VICTORY TO LATVIA

  • 2000-07-20
Again we are reminded how far the Baltics have come in shaking off constraints to public debate with a peaceful gathering in Esplanade Park last week in Riga where about 500 came to celebrate leftist beliefs along with objections to impending language law regulations.

Folks were orderly and police kept their mitts off the event. So far, the Latvian government, as is its wont, hasn't tried to discredit or invalidate the gathering by declaring the meeting illegal on technical violations (i.e. the number of people who showed up over the permit limit). Except for an utterance from Latvia's foreign minister, essentially: Don't encourage bilingualism.

Opponents of the regulations which divide the proficiency in Latvian, the state language, into six groups as concerns the ability to make a living in certain jobs, plan to meet several more times before the regulations are scheduled to become effective in September.

Good. We need more meetings on this issue for people of all points of view. The language law is serious business and needs to be debated publicly. One point that could be considered is how stringently the nation needs to preserve a "national" language that was organized and written down by Germans 150 years ago, and like English and many other languages, has words to reflect the ethnicities of former residents of Latvia - Polish, Swedish, German and Russian. Still, that Latvian is the national ethnic language of Latvia is for Latvia to decide as it is the right of any other sovereign nation. Concommitant with the privilege goes the cost.
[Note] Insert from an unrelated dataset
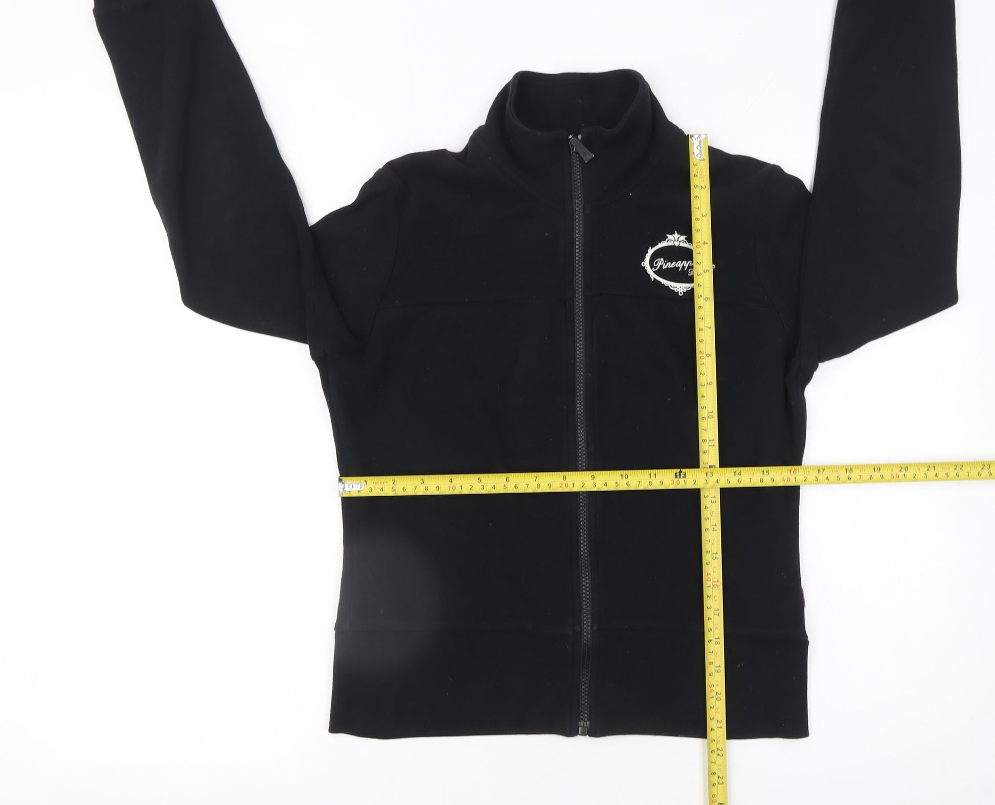 Stay warm and stylish with this Pineapple women's black track jacket, perfect for everyday activewear or casual days out. This versatile jacket, crafted from 100% cotton fleece, offers a soft and breathable texture that ensures lasting comfort throughout your day. Designed with a sleek full-zip front and a high collar, this jacket provides both practicality and modern sporty appeal. The fitted cuff and hem provide a flattering silhouette, making it as fashionable as it is functional. Ideal for dance, yoga, gym training, or light workouts, this jacket also suits relaxed outfits for travelling or lounging. The minimalist black design is complemented by the subtle Pineapple logo on the chest, adding a touch of signature charm that fans of the brand will appreciate. A wardrobe essential for transitional seasons, it layers effortlessly over tops and sportswear during spring, autumn, or winter. With its lightweight and comfortable construction, this piece allows ease of movement, making it suitable for a range of activities while maintaining a refined finish. The regular fit ensures a comfortable wear without restriction, suitable for active days or athleisure styling. Although pre-owned, it remains in excellent condition with minimal signs of use and light lint only. This Pineapple jacket represents an affordable way to refresh your sportswear collection with quality and classic appeal. Easy to care for and machine washable, it’s a practical favourite that offers warmth, breathability, and style in one. Perfect for layering up, this jacket is bound to become a go-to choice for anyone seeking laid-back, active style with a feminine touch.

We need to consider that six classes of language regulations divide the population more solidly into two classes. Six equals two in a step further into the historical divisiveness advanced for good or bad by citizenship laws.

Better heads than ours have noted that the language law and the citizenship issue have set Latvia on a path where a trend is that one group will dominate government and the other will dominate business activities.

Of greater concern is the native Russian-speaking population's perception of a defeat of expectations and disillusionment with the proceeds of independence. Feelings that hopes have not been met, that one group is now simply on the down side of the see saw make both sides of the question ripe for manipulation from within the country and without.

Again, many nations have language laws and are happy with them. Perhaps Latvia needs to try harder to find the elusive, defensible degree of enforcement and regulation that a forward-thinking majority can swallow and then chant in unity, Latvija! Uzvara!